Almost 100 million doses of Gardasil have been given safely in over 120 countries, and the MHRA has confirmed there have been no major safety issues with this vaccine.

  1. /e) The Health and Social Services Department is neither a regulatory nor an investigatory body in the context of medicine/ vaccine data evaluation. It has not, therefore, undertaken investigation of primary research into the efficacy of Gardasil. Nor has it undertaken investigation intoany research that mayhave been conducted by the University of Columbia, or indeed, any other academic institute, about this or any other medicine or vaccine

Research, which critically appraises the accuracy of trials of any medicine/ vaccine, forms part of the UK Regulatory role, a function performed by the UK MHRA.
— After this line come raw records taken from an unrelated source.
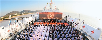 中央宣传部13日在浙江舟山某军港向全社会宣传发布海军“和平方舟”号医院船的先进事迹,授予医院船“时代楷模”称号。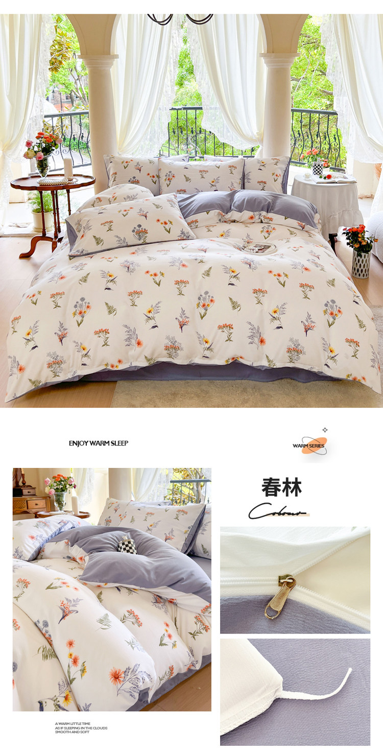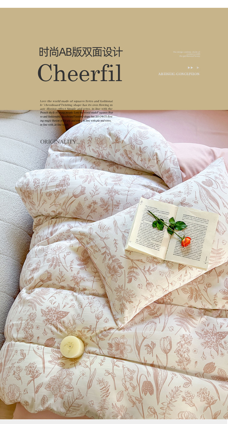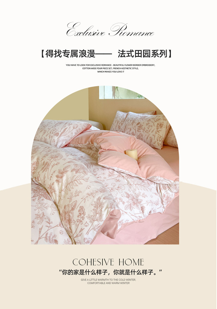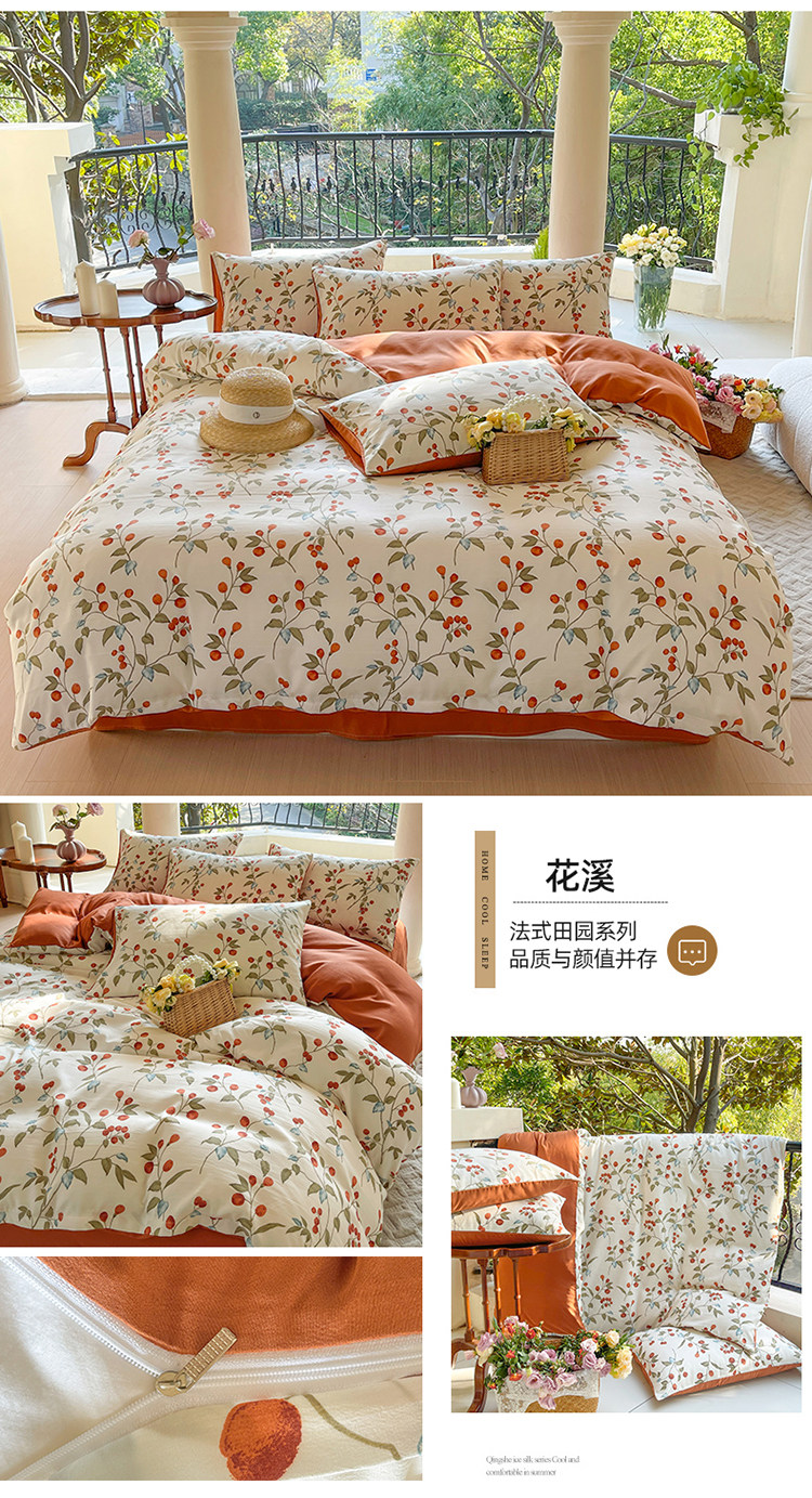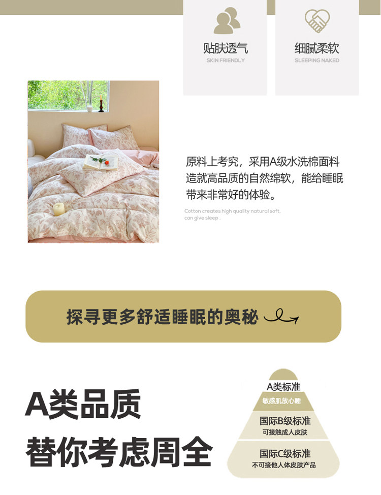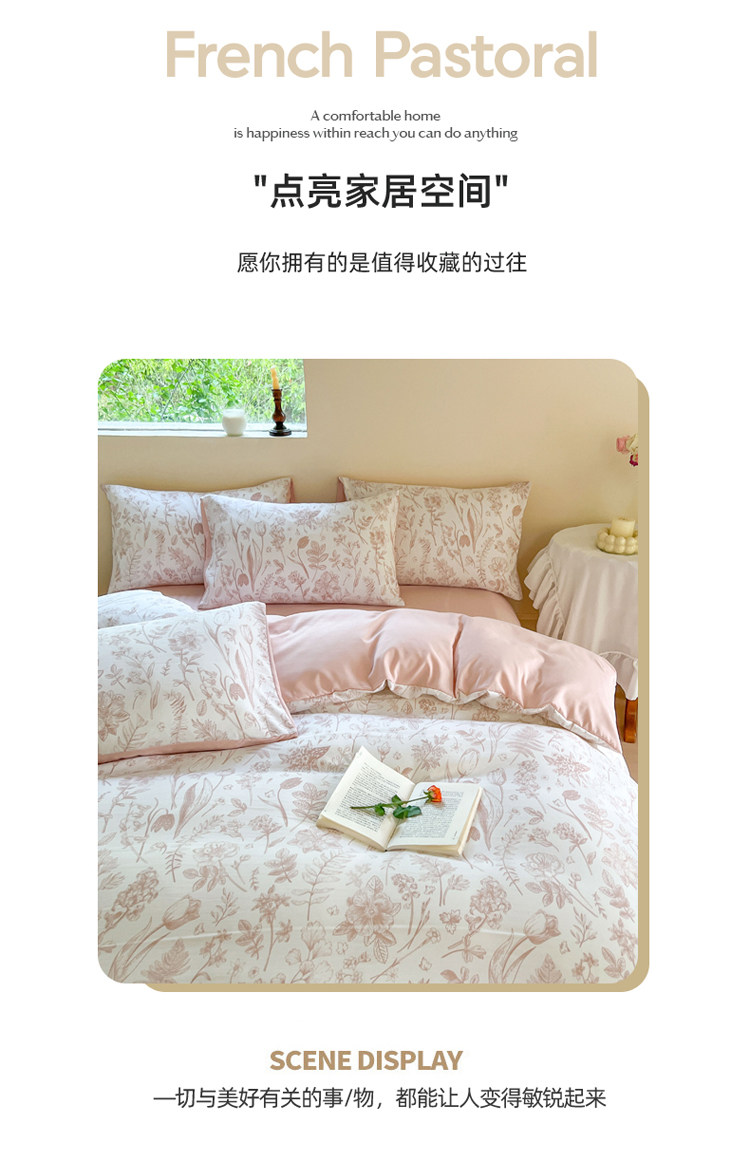 A類法式床上用品四件套全棉純棉床單水洗棉麻被套罩床包三件套夏3
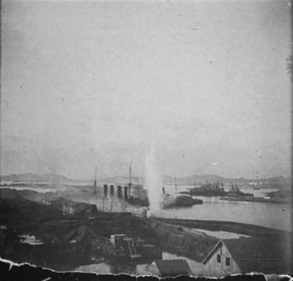 - Расстрел японской осадной артиллерией крейсера «Баян». Одна из фото работ Боровского, из коллекции Центрального военно-морского музея.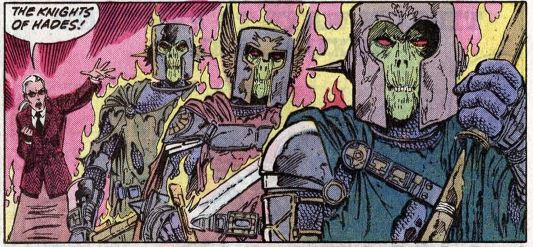 The Knights of Hades go on a rampage, smashing up the neighborhood. Reed tells Cromwell that she’s been tricked. He says the forces of Hell are merely using her to return to the Earth so they can rampage. Cromwell tries to boss the Knights around, demanding that they’re under her control, but one of them dismissively smacks her to the ground. Franklin then comes to and meets up with his parents. Cromwell freaks out, seeing that the blood of an innocent has been spilled. This is when the Richards’ home gets totally destroyed by two giant hands coming up from underground. It’s Mephisto (a.k.a. the Marvel Universe’s version of Satan) who announces that the Earth is doomed.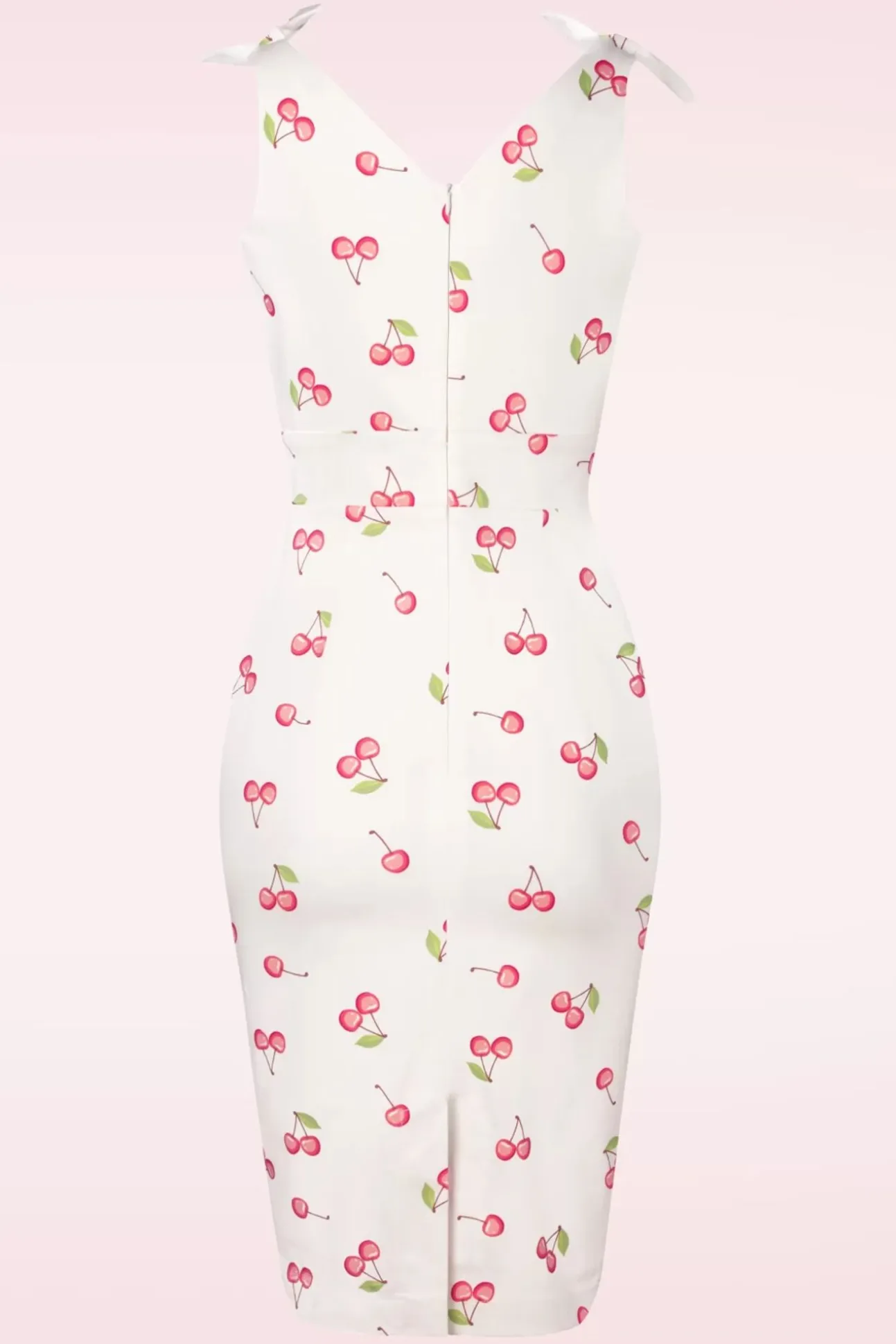 ”Destination? Paradise!” En Of Dat Nu De Franse Riviera Is Of Gewoon Aan De Kust In Eigen Land… Flaneren Doe Je In The Harper Cherry Print Pencil Dress In White Uit De Nieuwe Glamour Bunny Collectie! Een Classy, Body Hugging Pencil Dress Die De ‘sass’ In ‘sassy’ Stopt Met Haar V-Hals, Vaste Overslag En Flirty Strikdetails Op De Schouders. Uitgevoerd In Een Stevige Maar Soepele, Katoenmix Met Lieve Rode Kersjes En Een Hele Lichte Stretch Waardoor Je Rondingen Subliem Tot Hun Recht Komen En Je Zelfvertrouwen Naar Een Ongekende Hoogte Stijgt. ”Jet-Set Your Way Through Summer, Hunnie!”

Employing over 900 people, the MRHA independently and impartially examines clinical trial data, assuring itself of the validity of the trials, the quality of the trials data, and the safety and efficacy of the medicine/vaccine, before granting a licence.

It is both reasonable and appropriate, therefore, that the Health and Social Services Department seeks its expert  guidance on approved medicines/vaccine from the official, independent regulator, and not via Google search.

As it has no role in the regulation of vaccine trials, there is no reason why the Health and Social Services Department would know, or need to know, how or where the funding for conducting clinical trials is sourced. Nevertheless, medical academia is well used to contractual collaboration which ensures independence of research findings and few, if any, professional experts would believe that the UK medicines regulator fails to reassure itself of the integrity of research data.

The MHRA advises that Gardasil is a highly effective anti-cancer vaccine.

Fully satisfied by the expert guidance of the MRHA, it is the duty and responsibility of health services to offer the cervical cancer vaccine to girls and young women in the island.

But Jersey doesn't have compulsory vaccination and it is for the individual, together with their parents or guardians, to decide whether they are prepared to take up the offer of protection against two virulent, and potentially fatal, HPVs.

These HPVs are responsible for over 75% of all cervical cancer cases, tragically claiming the lives of women every year.